Les pauvres ne voteraient pas ou mal ? Faux !

Au lendemain de ce calamiteux scrutin des élections Européennes 2014, voilà revenu le temps des analyses des votes ciblant à nouveau ceux qui n’ont guère la parole : les personnes pauvres. Les commentaires sont accablants. Ce serait : « dans les secteurs les plus défavorisés où se concentrent chômage, précarité, immigration, pauvreté que les partis d’extrême droite font leur meilleur score… » (dixit les médias). Non seulement les pauvres voteraient peu… mais ils voteraient mal.

Qu’ils votent peu n’est sans doute pas inexact. Quand on est dans la survie… la vie électorale peut sembler être un objet lointain. Pour certains, c’est aussi un problème pratique. Comment être inscrit sur une liste électorale si on n’a pas d’adresse ? Comment être informé si on n’a pas d’emploi ? Une maman confiait : « pourquoi irai-je voter alors qu’on a placé mes enfants et qu’on me juge incapable des les éduquer ? » Ajoutons un autre critère qui est loin d’être réglé en France : si je suis étranger je n’ai pas le droit de vote.

Ces exemples confirment une règle, celle de l’indivisibilité des droits de l’homme : si on n’a pas de logement, pas d’emploi, il est bien difficile d’exercer son droit de citoyen.
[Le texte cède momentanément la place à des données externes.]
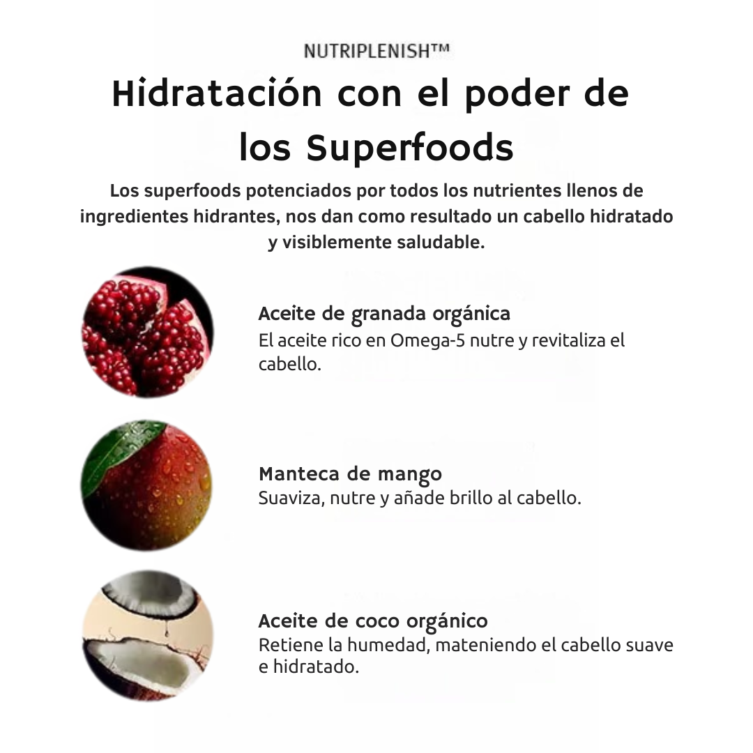 SUPERFOOD COMPLEX + ÁCIDOS GRASOS RICOS EN NUTRIENTES: SUPERALIMENTOS RICOS EN NUTRIENTES Y MANTECA DE MANGO, ACEITES ORGÁNICOS DE COCO Y GRANADA.

L’Europe sur ce point là aussi a encore du chemin à parcourir.

Voter pour les « extrêmes » serait un vote de « désespérance ». C’est un point de vue formulé par des politologues.

Dans la réalité, selon des questionnaires ciblés, ce ne serait pas tout à fait exact.

Ceux qui votent le plus aux extrêmes seraient ceux qui auraient un bien… à protéger. Et donc voteraient par peur de le perdre.

Quand on n’a rien : on n’a pas ce type d’angoisse ! Le vrai problème de la participation des personnes très pauvres au vote est à la fois technique et civique, arbitraire.

Technique : un père de famille habitant dans un camping aux Pays Bas confiait récemment, quand on est expulsé on n’a plus d’adresse. On n’a plus de droit de vote. On est étranger dans son propre pays.

Civique : quand on n’est pas informé on ne peut s’exprimer. Nombre de personnes qui vivent hors du temps, qui n’ont pas de chez eux ne sont pas « civiquement » associés à la marche d’un pays. La pauvreté vous exclut de la démocratie. Mais il faut lors s’interroger –avec Geneviève De Gaulle Anthonioz – : qu’est ce qu’une démocratie qui ignore les plus faible, les plus fragiles, les plus pauvres ?

L’arbitraire ? C’est de refuser le droit de vote à un habitant d’un pays qui n’en a pas la nationalité même s’il y vit depuis trente ans. L’arbitraire, c’est aussi en définitive un comportement institutionnel qui ignore et exclut une partie des ressortissants de ce pays de ses scrutins pour raisons économiques ou sociales. C’est là en réalité un vrai scrutin « censitaire » qui ne dit pas son nom.